» **WORK TASK**: Reproduce the records below exactly, but only between the lines holding "Durante a visita" and "Serving heat, but", inclusive.

» **THE DATA**:
*** Block opens ***

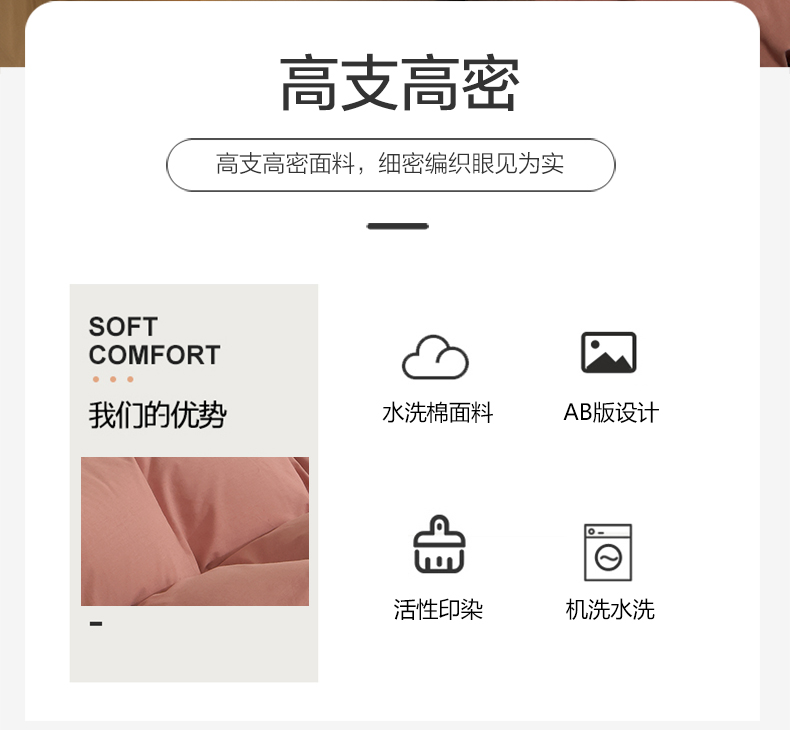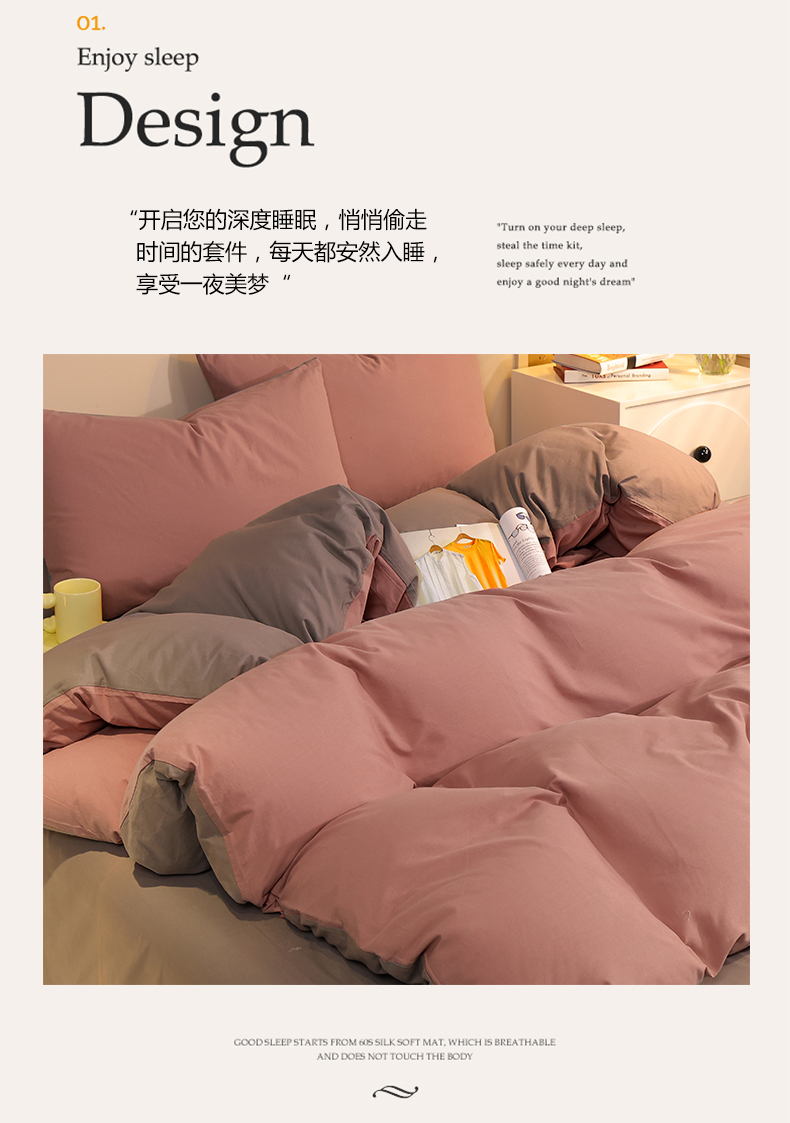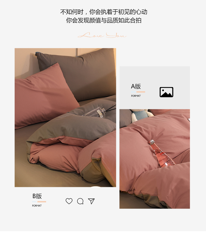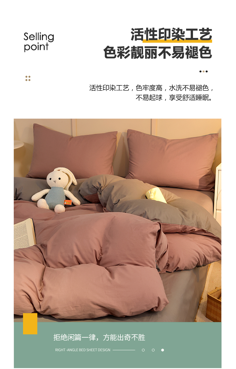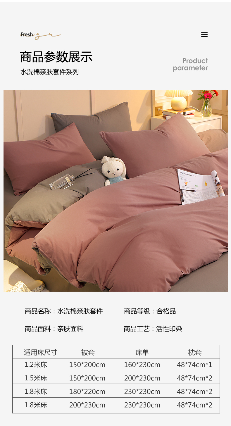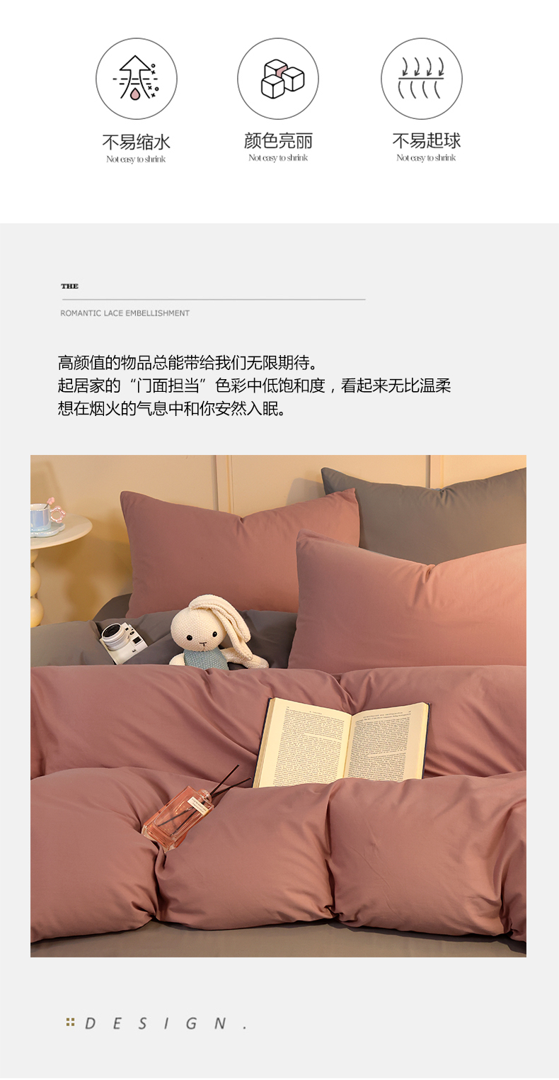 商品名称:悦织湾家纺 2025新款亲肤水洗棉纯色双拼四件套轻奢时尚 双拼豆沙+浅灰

*** Block closes ***
*** Block opens ***

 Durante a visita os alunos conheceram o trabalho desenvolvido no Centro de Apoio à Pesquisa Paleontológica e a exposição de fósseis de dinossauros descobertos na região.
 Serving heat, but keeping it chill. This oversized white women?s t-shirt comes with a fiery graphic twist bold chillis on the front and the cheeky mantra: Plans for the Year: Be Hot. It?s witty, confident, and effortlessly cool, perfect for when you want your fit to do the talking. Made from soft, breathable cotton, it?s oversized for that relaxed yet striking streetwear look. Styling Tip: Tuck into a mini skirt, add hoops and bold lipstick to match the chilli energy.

*** Block closes ***

» **YOUR RESPONSE**:
 Durante a visita os alunos conheceram o trabalho desenvolvido no Centro de Apoio à Pesquisa Paleontológica e a exposição de fósseis de dinossauros descobertos na região.
 Serving heat, but keeping it chill. This oversized white women?s t-shirt comes with a fiery graphic twist bold chillis on the front and the cheeky mantra: Plans for the Year: Be Hot. It?s witty, confident, and effortlessly cool, perfect for when you want your fit to do the talking. Made from soft, breathable cotton, it?s oversized for that relaxed yet striking streetwear look. Styling Tip: Tuck into a mini skirt, add hoops and bold lipstick to match the chilli energy.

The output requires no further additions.